Wicked. That’s what T. Coraghessan Boyle is.
Gleefully wicked, in fact.
And don’t his readers love it?
In his latest novel, “The Tortilla Curtain,” he paints parallel portraits of two couples–politically correct Californians wrestling with their distrust of immigrants, and a starving Mexican couple who sneak into the United States to try to make a new life.
They live within walking distance of each other. The California couple is in a fancy community with swimming pools and cocktail parties and gourmet dinners and debates about whether to erect a wall. The Mexican couple is camping out in the nearby canyon, sleeping on a ragged blanket, drinking from a polluted stream and hiding whatever money they earn–and can keep from being stolen–under a rock.
For all their whining and carrying on, good things keep happening to the Californians. And for all their optimism, bad things keep happening to the Mexicans. It’s classic Boyle that the woman is named America, and her husband is Candido, after the Voltaire character with the improbable array of misfortunes.

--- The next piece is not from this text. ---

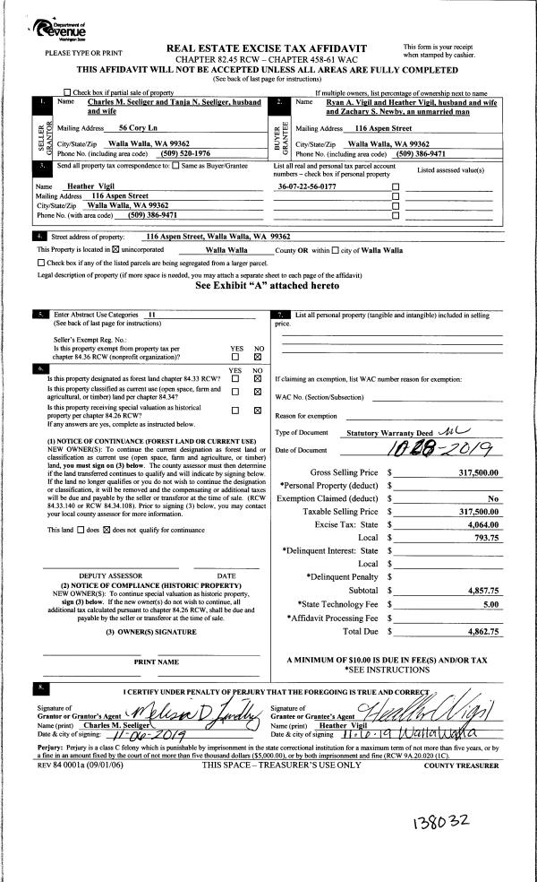| 3 | 11/06/2019 | SWD | STATUTORY WARRANTY DEED | SEELIGER CHARLES M & TANJA N | VIGIL RYAN A & HEATHER | | | $317,500.00 | 138032 | 2019-09106 |

The story is about as bleak as it gets, and for that reason it’s rigorous going, listening day after day. But somehow it’s also compelling, thanks to Boyle’s wit and ever-shimmering writing style.
If Boyle has been compared to Dickens before because of his vivid characters and his tales well-told, now he moves into the realm of Swift with satire about as biting as it gets.
In the past, the only audio versions of Boyle’s novels were three-hour abridgments. Listeners had the benefit of hearing Boyle read them himself, which is a treat, but we never got the whole thing.
Last year, Books on Tape started to catch up with unabridged recordings of a few older Boyle novels. And with “The Tortilla Curtain,” both BOT and Recorded Books have done recordings.
Each is true to its company philosophy. The BOT recording (15 hours, $80 purchase, $12.95 rental), is blander, less interpretive. Michael Russotto reads. Recorded Books’ Barbara Rosenblat turns in a performance worthy of the stage (13.5 hours, $79 purchase, $17.50 rental). Take your pick.
But each pronounces a central character’s name differently. The California wife is Kyra, and Russotto pronounces the first syllable to rhyme with “ear,” as in “KEE-ruh.” Rosenblat pronounces it to rhyme with “eye,” as in “KIE-ruh.”
Somebody’s wrong here, and for no good reason.
It’s not as if Boyle lives on a different planet–although sometimes his razzmatazz might make it seem like he does. All they had to do anyway was shell out a measly $16.95 to pick up the abridged version, published by Audio Renaissance last fall, because Boyle reads it himself in his trademark animated style.
Sure enough, there he is, pronouncing it KIE-ruh. The first syllable rhyming with “eye.”
Pronouncing it wrong is really slipshod. If the industry keeps this up, there goes the credibility of audio.
Fast forward: David Suchet, the definitive Hercule Poirot on public television, reads an unabridged version of Agatha Christie’s first Poirot novel, “The Mysterious Affair at Styles” (6 hours, $22.95) for Audio Partners.
Anne Rice keeps churning them out, and producers keep recording them. Michael Cumpsty reads the abridged version of her latest, “Servant of the Bones” (4 hours, $24) for Random House.